▶ **What you should do**:
Repeat exactly the lines running from the first line of the data to the line containing "Ópticas angel eyes, adequado", both ends included, and nothing else; drop the pictures.

▶ **Record excerpts**:
══════════════════════════════

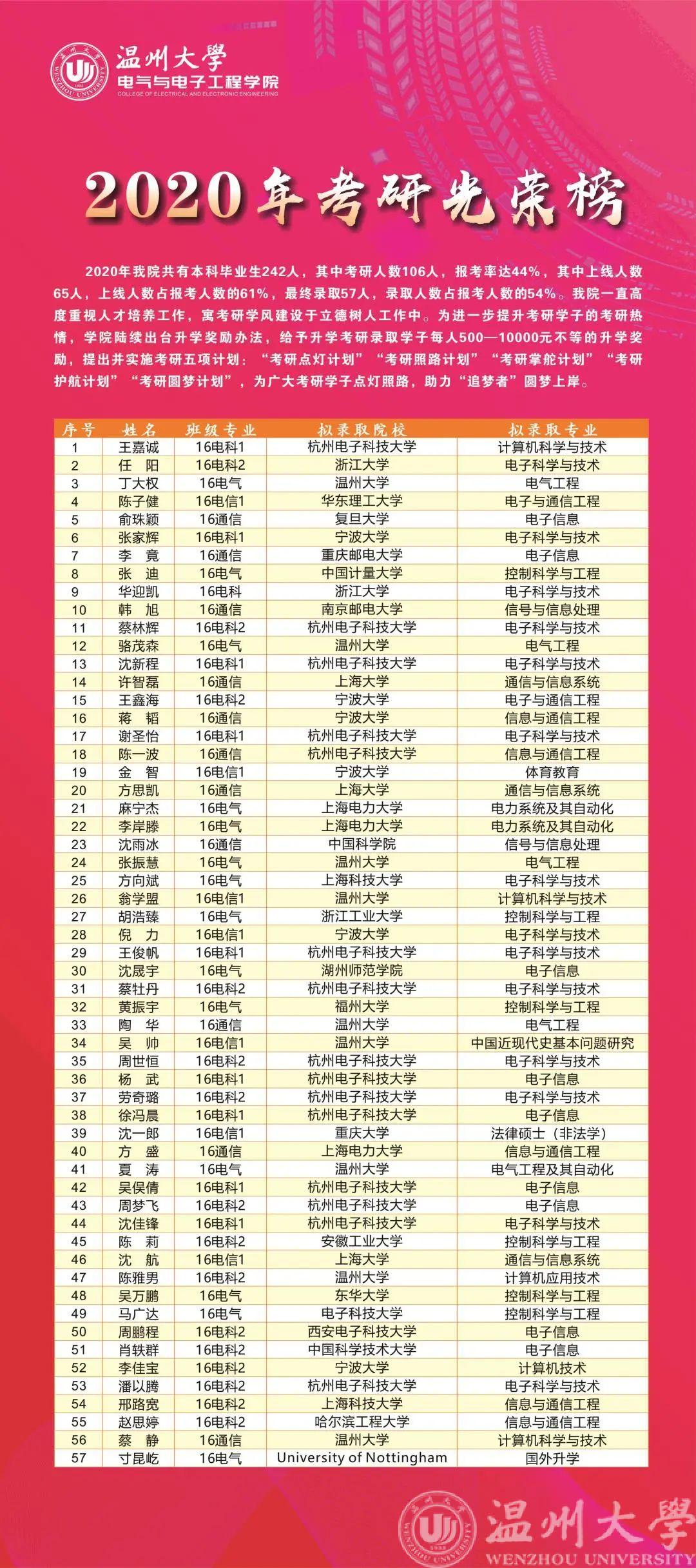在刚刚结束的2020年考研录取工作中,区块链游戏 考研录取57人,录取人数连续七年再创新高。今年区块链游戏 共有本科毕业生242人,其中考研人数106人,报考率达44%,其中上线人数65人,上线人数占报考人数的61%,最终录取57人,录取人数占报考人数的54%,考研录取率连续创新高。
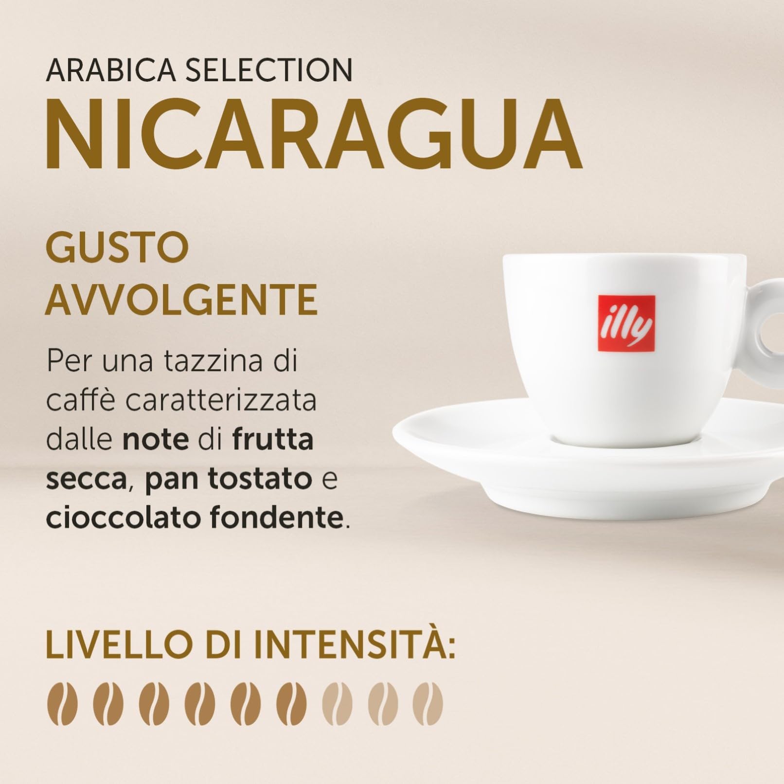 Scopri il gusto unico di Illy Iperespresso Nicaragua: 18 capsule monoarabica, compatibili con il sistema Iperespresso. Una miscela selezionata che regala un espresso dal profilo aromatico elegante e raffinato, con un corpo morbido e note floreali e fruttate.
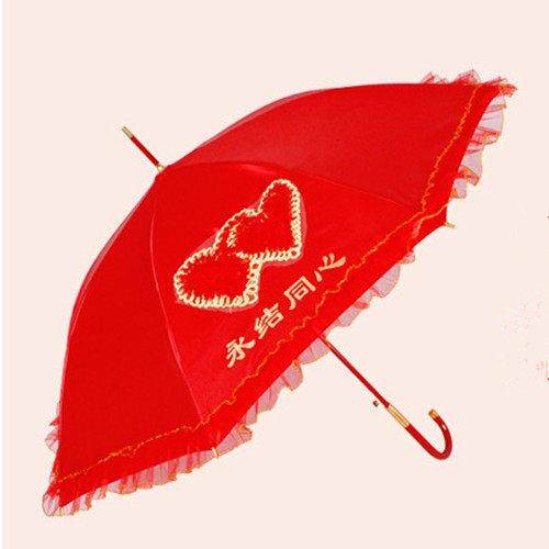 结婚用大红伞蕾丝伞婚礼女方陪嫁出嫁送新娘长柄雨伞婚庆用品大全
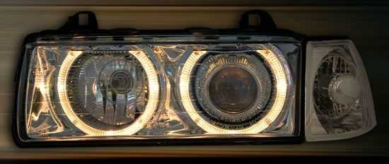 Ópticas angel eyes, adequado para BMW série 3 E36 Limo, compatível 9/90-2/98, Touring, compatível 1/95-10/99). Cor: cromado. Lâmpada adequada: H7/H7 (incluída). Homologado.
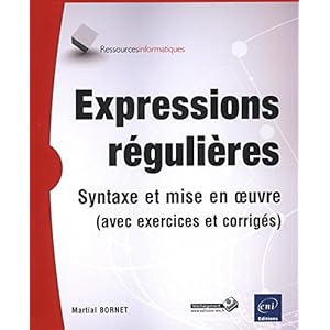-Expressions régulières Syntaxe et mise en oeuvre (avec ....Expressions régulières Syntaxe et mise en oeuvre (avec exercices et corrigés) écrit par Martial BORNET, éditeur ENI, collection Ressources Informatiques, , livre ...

══════════════════════════════

▶ **The answer**:
在刚刚结束的2020年考研录取工作中,区块链游戏 考研录取57人,录取人数连续七年再创新高。今年区块链游戏 共有本科毕业生242人,其中考研人数106人,报考率达44%,其中上线人数65人,上线人数占报考人数的61%,最终录取57人,录取人数占报考人数的54%,考研录取率连续创新高。
 Scopri il gusto unico di Illy Iperespresso Nicaragua: 18 capsule monoarabica, compatibili con il sistema Iperespresso. Una miscela selezionata che regala un espresso dal profilo aromatico elegante e raffinato, con un corpo morbido e note floreali e fruttate.
 结婚用大红伞蕾丝伞婚礼女方陪嫁出嫁送新娘长柄雨伞婚庆用品大全
 Ópticas angel eyes, adequado para BMW série 3 E36 Limo, compatível 9/90-2/98, Touring, compatível 1/95-10/99). Cor: cromado. Lâmpada adequada: H7/H7 (incluída). Homologado.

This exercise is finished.